The difference between forex and futures trading in Hong Kong

by Micheal Quinn

What comes to mind when you think of investing in the stock market? Like most people, your first thought is stocks, bonds, mutual funds, or derivatives. But there’s another type of security investors can use to make money from movements in commodity prices: futures.

Futures and futures options allow investors to take advantage of a trend in a particular commodity or currency without actually having to buy that asset.

Futures contracts differ from stock options because they don’t give the buyer a right to sell their share at a specific price; instead, they must complete the transaction if accepted by the seller.


In this way, futures contracts are more closely related to stock purchase agreements than stock options. When it comes to the difference between futures and derivatives, there are three primary distinctions:

Fixed price vs. set price

The main difference is that while stock options give owners the right to buy or sell shares at a fixed price in the future, futures contracts require traders to fulfill their obligation by either buying or selling an asset at a predetermined price. Knowing this difference will help you understand how commodities fluctuate in value without affecting their supply or demand.

Trading platforms

You can trade both futures on exchanges and derivatives on specialized trading platforms; however, there are vast differences between forex trading and futures contract trading. For example, on an exchange like the Chicago Mercantile Exchange (CME), you will find that most of the traders are hedgers, i.e., people who own or produce an asset and want to offset their risk by locking in a future price.

Ownership of assets

The main difference between futures and conventional securities such as stocks and bonds is that the former doesn’t give you ownership of the underlying security. When you buy a futures contract, you are obligated to complete it by taking delivery of the underlying asset or making payment in cash equivalent. For this reason, some traders believe that trading in futures markets can be riskier than trading in stock markets.

Forex vs. futures in Hong Kong

The simplest way to explain the difference between forex and futures trading is this:

Fixed price

Futures have a fixed price, whereas the forex price fluctuates throughout the day. In addition, fortunes can be traded as contracts on a regulated commodity or as derivative securities on an index such as S&P 500.

In contrast, foreign exchange traders have no centralized exchange – only dealers who bid and ask prices – so it’s easy to take advantage of retail traders by pushing rates up or down.


While stock exchanges are heavily regulated in Hong Kong, no such regulation exists for currency. As a result, some believe that retail investors are at risk of being taken advantage of by money changers with insufficient knowledge about forex trading.

However, others believe this is unfair since market forces set the margin on currency exchanges. There are plenty of opportunities for people who know what they’re doing to make money – futures traders included.

Fluctuations in rates

Futures allow traders to protect themselves against fluctuations in rates by limiting how much they want to pay or receive on their trades. Your losses will always stay within an acceptable range, even if the rate takes off without notice.

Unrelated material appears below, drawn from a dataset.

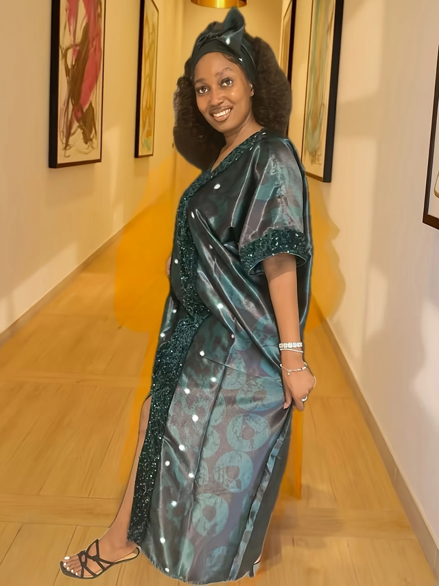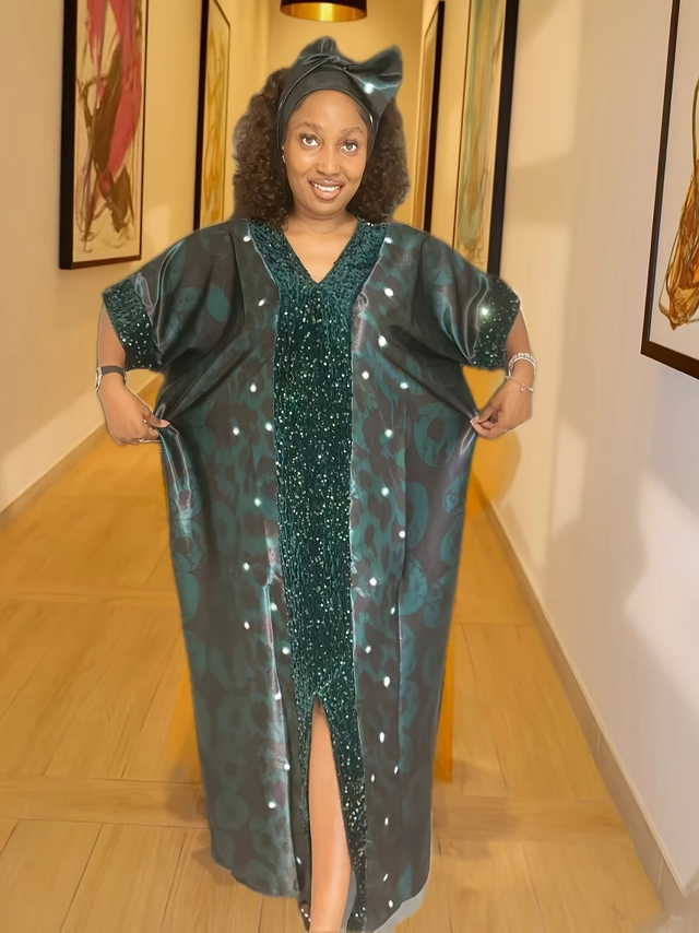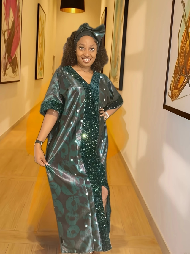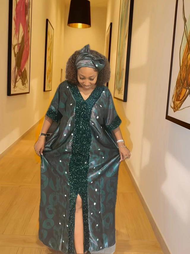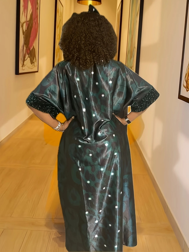 Elegant Sequin-Trim V-Neck Maxi Dress for Women - Short Sleeve, Flowing Design, Dark Blue with Golden Accents, Perfect for Casual or Formal Occasions, Chic Dress, Mature Elegance Attire, Allseason Wear, Nontransparent Fabric, Shimmering Sequins

On the other hand, forex trading leaves you exposed to any changes in the rates, and it’s easy to find yourself on the losing end of a significant amount.


Educate yourself first! If you can’t be bothered doing your research, leave the trading to the pros and choose ETFs (exchange-traded funds) instead – they all track international indexes such as Standard & Poor 500.

When investing in futures or forex, always watch market activity closely, try not to chase after significant returns, don’t trade too much, and don’t hold on to bad trades. Beginner traders interested in trading futures are advised to use an experienced and reputable online broker from Saxo Bank.